> **Activity**:
Every line below is to be given again precisely; images are to be left out.

> **Dataset extract**:
========

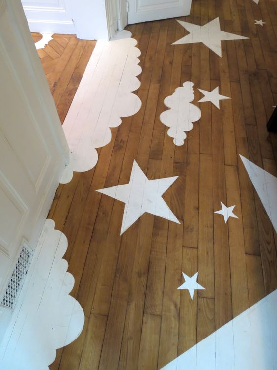 Le choix des couleurs est important car il doit correspondre à l’ambiance et la décoration de la pièce. Ceci dit, libre ç vous de vous faire plaisir. Soit on peint la totalité d’une seule couleur, soit on mix plusieurs couleurs, soit encore on ajoute de la couleur et on laisse apparent le parquet brut en dessous : c’est au choix !
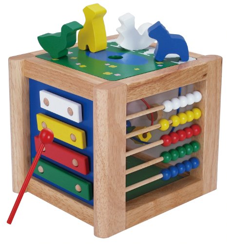 ビーズ遊び・パズル遊び・木琴・時計・計算・どうぶつブロックを使ったごっこ遊び。6つの遊びが楽しめます。
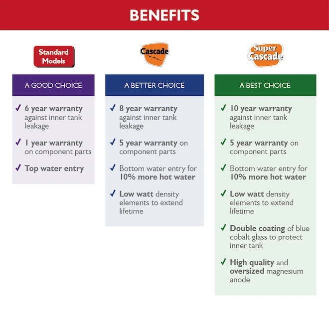 The electric bottom water entry water-heater from Giant® offers 10% more ready-to-use hot water. The interior of the tank is coated with blue cobalt glass enhanced with zircon, a feature unique to Giant®. This water heater is equipped with low density elements and adjustable thermostats with automatic temperature control. Its high-quality magnesium anode offers a greater protection against the corrosive effects of water. In addition, its GreenFoam® ecological foam insulation contains no HCFCs, CFCs nor VOCs. A complete exhaust pipe with 90° elbow, a fitting and a safety valve are provided. This product is manufactured in Canada and is backed by a 8-year limited warranty on tank perforation and 5-year warranty on parts. To benefit from the warranty, the water heater must not be laid on its side during transportation.
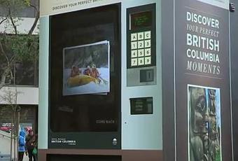 L'office du tourisme de la Colombie-Britannique a lancé une campagne de communication les 100 BC moments en mettant à la disposition des passants de San Francisco un distributeur géant qui contenait des vélos, planches de surf et canoës gonflables.

========

> **Solution for this task**:
 Le choix des couleurs est important car il doit correspondre à l’ambiance et la décoration de la pièce. Ceci dit, libre ç vous de vous faire plaisir. Soit on peint la totalité d’une seule couleur, soit on mix plusieurs couleurs, soit encore on ajoute de la couleur et on laisse apparent le parquet brut en dessous : c’est au choix !
 ビーズ遊び・パズル遊び・木琴・時計・計算・どうぶつブロックを使ったごっこ遊び。6つの遊びが楽しめます。
 The electric bottom water entry water-heater from Giant® offers 10% more ready-to-use hot water. The interior of the tank is coated with blue cobalt glass enhanced with zircon, a feature unique to Giant®. This water heater is equipped with low density elements and adjustable thermostats with automatic temperature control. Its high-quality magnesium anode offers a greater protection against the corrosive effects of water. In addition, its GreenFoam® ecological foam insulation contains no HCFCs, CFCs nor VOCs. A complete exhaust pipe with 90° elbow, a fitting and a safety valve are provided. This product is manufactured in Canada and is backed by a 8-year limited warranty on tank perforation and 5-year warranty on parts. To benefit from the warranty, the water heater must not be laid on its side during transportation.
 L'office du tourisme de la Colombie-Britannique a lancé une campagne de communication les 100 BC moments en mettant à la disposition des passants de San Francisco un distributeur géant qui contenait des vélos, planches de surf et canoës gonflables.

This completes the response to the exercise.